日産にとってのエース・ナンバーは,やはり“23”。


 かなり分かりやすい数字でありますが,ここから1を引いた“22”は準エース,というところです(USでは逆に,1を足していた記憶があります)。その準エースがFIA−GT1初勝利をもたらしました。といっても,タイトルに掲げた通り,「暫定」ではありまして,車両規則に引っ掛かったアストン・マーティンが抗議をしているそうでありまして。
 ともかく。FIA−GT1で勝負権を持ったマシンに仕上がりつつある,ということは少なくとも言えるのかな,と感じるところです。ということで,フットボールから離れて,モータースポーツな話であります。


 さて。GT−Rが初勝利を挙げたのは,第2戦・シルヴァーストンであります。フォーミュラ1をホストするレース・トラックでありまして,ドニントン・パークやブランズ・ハッチなどと並んで,UKを代表するサーキットであります。UK,となると,GT−RをFIA選手権へと持ち込んでいる“SUMO POWER”にとって,お膝元で行われるラウンド,と位置付けられます。
 彼らのサイトにもGT1選手権についてのリリースが掲載されていますが,それ以上に気になったリリースがそのリリースの下にありました。UKでもD−1に相当する選手権が開催されている(しかも,欧州選手権)ことに,驚くと同時に結構納得しましたし,その主戦兵器としてSUMO POWERが持ち込むのが(確か,UKへの正規輸出はしていなかったはずの)S15系シルビア,とのこと。HKSなどの代理店をしているだけあって,マシンの選択も「それらしい」し,モディファイの方向性もやはり,「それらしい」,というのがちょっと面白く感じてしまいました。


 ・・・話戻しまして。レースの流れは日産のレース・レポート(日産・オフィシャル)に譲るとして,個人的にはどのあたりまでGT−Rの熟成が進んでいるのか,シーズン序盤でどの程度の勝負権を持っているのか,が気になっていました。
 まだ,マシンごとのバラツキがある,というのは気になるところですし,エース・ナンバーを背負っているマシンが意外にポジションが低かった,というところに,セッティングのツボをまだ見出しきれていないのかも,という印象を受けましたが,翻って考えれば,22はUKベースのチームであることがポジティブに作用した(セッティングのツボに持っていくことができていた)のかも,と思うところです。そして,現段階でも,一定程度の戦闘力を持っていることはリザルトで示すことができているか,と。あとは,やはりどこまでアストン勢を追い詰められるか,でありましょう。アストンはGTではあるけれど,シャシー・エンジニアリングを考えてみると市販車,というよりはレーシング・マシンに近い構造を持っています。そのアドバンテージを削りにいくわけだから,チームにとってはかなりのチャレンジになるだろう,と思います。

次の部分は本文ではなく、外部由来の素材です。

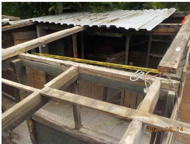
F15: Locatie gesaneerde toepassing.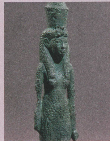
Hier ist sie ein Mensch. Doch Mut erscheint manchmal auch als Geier.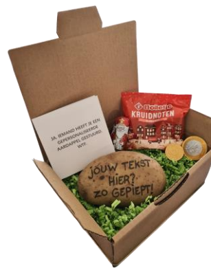
SINTERKLAASPAKKET MET KRUIDNOTEN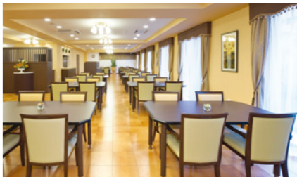
二面採光で明るく開放感たっぷりのダイニング（食堂）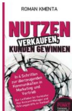
Nutzen verkaufen, Kunden gewinnen Ladenpreis: 24,97EUR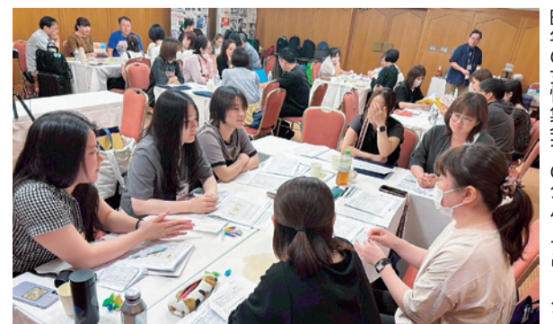
昨年の女性集会でのグループワーク

に眠らないと疲労が回復しないという結果が出た。普段の日勤中と比べたら、次の日またでしっかり寝ることが回復には有効とわかった。夜勤をしている人の休日数を増やすことも必要と考えている。そういうことができるように情報提供していきたいと、継続して夜勤に入っても、休日は日中に活動している事例を挙げました。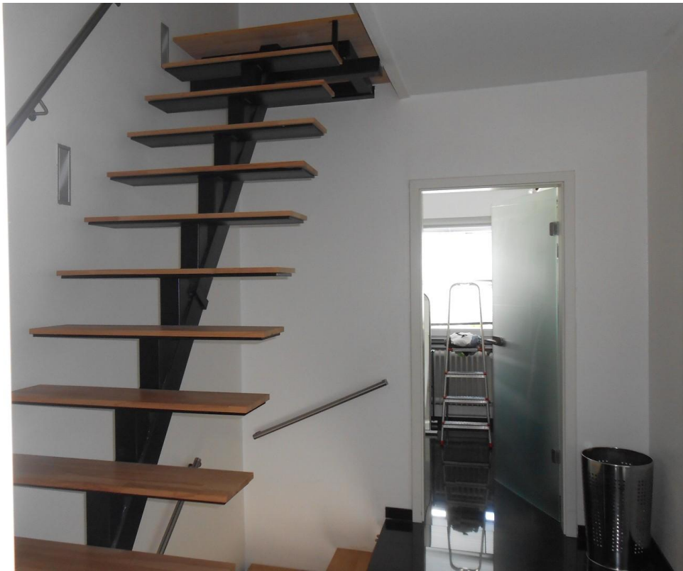
Treppe zum DG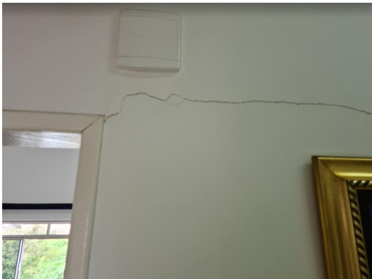
Figura 9 – Trincas no corredor do terceiro pavimento.

 当然,第2戦を受けて,アストンは日産を強く意識してくるはず。彼らを上回るスピードで戦闘力を上げていくことができるならば,日本車メーカにとっては遠くなってしまった「タイトル」が現実的な視界に収まる,かも知れません。
 ニスモのバックアップも当然ですが,実戦部隊であるSUMO POWERなどには,タイトルを意識しながら戦っていってもらいたいところです。